In the off-season every year we traveled to the great restaurants of the world, and started to go to the great country houses in England, Ireland, France. We made a list of the best, and soon realized that France had the best food and England and Ireland the best taste in country houses, the most charming and comfortable. So we did an American adaptation of those. Joyce patterned our kitchen after the cheese and dairy room at Windsor Castle. The hallmarks are the ceilings, too often neglected in America. They’re the last thing you see at night and the first thing you see in the morning, and set the tone. They must invoke an enveloping feeling.

    Joyce has been here for more than 25 years.

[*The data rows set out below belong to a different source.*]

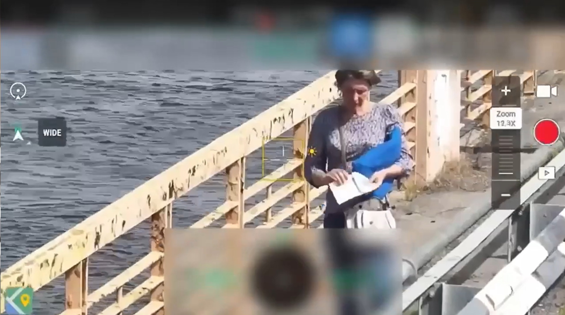 Українка прийшла на уцілілі уламки Антонівського мосту з боку окупованого міста Олешки. Жінку примітив оператор українського дрону, якому вона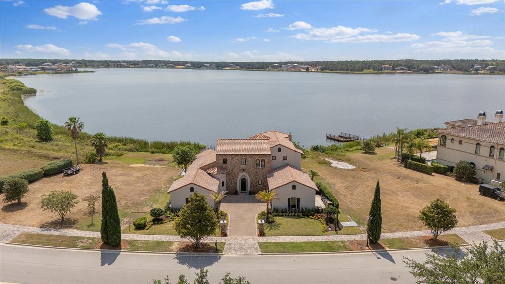Under contract-accepting backup offers. Lakefront on Lake Siena, remodeled, pool and boat dock, come and start enjoying Bella Collina for all its best amenities starting with your backyard!! Nestled within a private, guard-gated community spanning 1,900 pristine acres, this home offers more than just a place to live; it embodies a lifestyle statement. Just remodeled inside and out and also new windows and doors added, this custom villa redefines elegance, boasting 4,319 square feet of unparalleled luxury. Step inside and be captivated by the soaring ceilings, architecturally interesting beams, and the allure of travertine and hardwood flooring. Every detail in this home is a work of art. The gourmet kitchen, complete with a gas cooktop and upscale Wolf appliances, seamlessly blends form and function. A double-sided gas fireplace sets the stage for both intimate family gatherings and grandiose entertaining, warming both the interior and the outdoor pool deck. Wine aficionados will appreciate the dedicated wine cellar, capable of holding up to 600 bottles. Retreat to the expansive private master suite, your haven away from the world. Outside, a sumptuous pool surrounded by travertine decking. With the lake as a backdrop, this space is perfect for soaking up the Florida sunshine or enjoying serene evenings watching the sun dip below the horizon. Located just minutes from Winter Garden, you'll have easy access to the freshest farmer's markets, fabulous dining experiences, and top-tier shopping. Despite its convenient location, this home is comfortably outside the tourist district, while still being within reach of theme parks, Cocoa Beach, the Gulf Coast, and the bustling city of Orlando. Indulge in a lifestyle of unrivaled luxury and convenience with amenities such as a golf course designed by Nick Faldo, tennis courts, a gym, resort-style pools, spas, and a 75,000 sq ft clubhouse featuring a private restaurant. Your every desire will be fulfilled in this exclusive community. Can be sold with the lot next door.. ( Vacant lot 409 ) sellers also own that. Call for more details.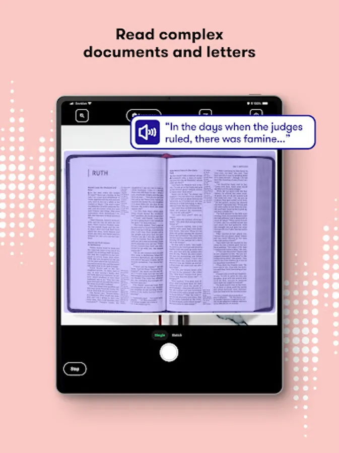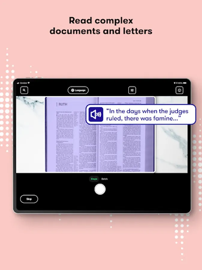 “Incredibly easy to turn any kind of text into speech. It has improved my independence a lot. - Kimberly from USA. Easy going text recognition. Text recognition is outstanding. Good for independence. Ease of use is immaculate” - Noahis from Australia

We gave her an unlimited budget, and she exceeded it. Initially she chose the fabrics, wall coverings, and furniture and bought it over there. Then we became her only client.

     Ours is never an adaptation but a refurbishing of old buildings in Little Washington from the American colonial period. She had also done a lot of stage and costume design, and understood what a great restaurant needs – it has to both evoke drama, and make you smile when you walk in. The eye can never absorb it all. On your tenth visit you’re still noticing things because we strive for a layered feeling, something that only we can bring about.

     It has evolved like that for 30 years. Joyce has the drapes put in, lined and inter-lined. It’s so different from the way tings are done in America. When you’re dealing now as we are with five-star inspectors you have to look hard for the flaws. The patina is so important – for instance, a carpet must have the right amount of wear, showing that important people have walked there. We live in an age when the average restaurant fails in three years, and this is all part of the strategy to keep the Inn going.

     When you grow something like this from a grease pit, you can’t shake that memory. No one could replicate this because it has been evolving for three decades. It’s never static – that’s the key. I think of it as a garden, always being pruned and tweaked, elevating everything to the same level. We look daily for tangible changes. I would have become bored years ago if it was all just about the food.

     You need a point of view that reflects the creator’s evolution. Just like you can’t serve food you don’t want to eat, you can’t create an environment you don’t want to be in. But as you grow your taste changes. If you’re not embarrassed by what you did a year ago, you’re not progressing. To create this level of sophistication, so close to that original shack, is very exciting. Even living in that old shack I wanted dinner to be formal, as if in London.

Still, sometimes I open the frig and something falls out, and I think, “Of course! Use it! Black-eyed peas under fois gras!”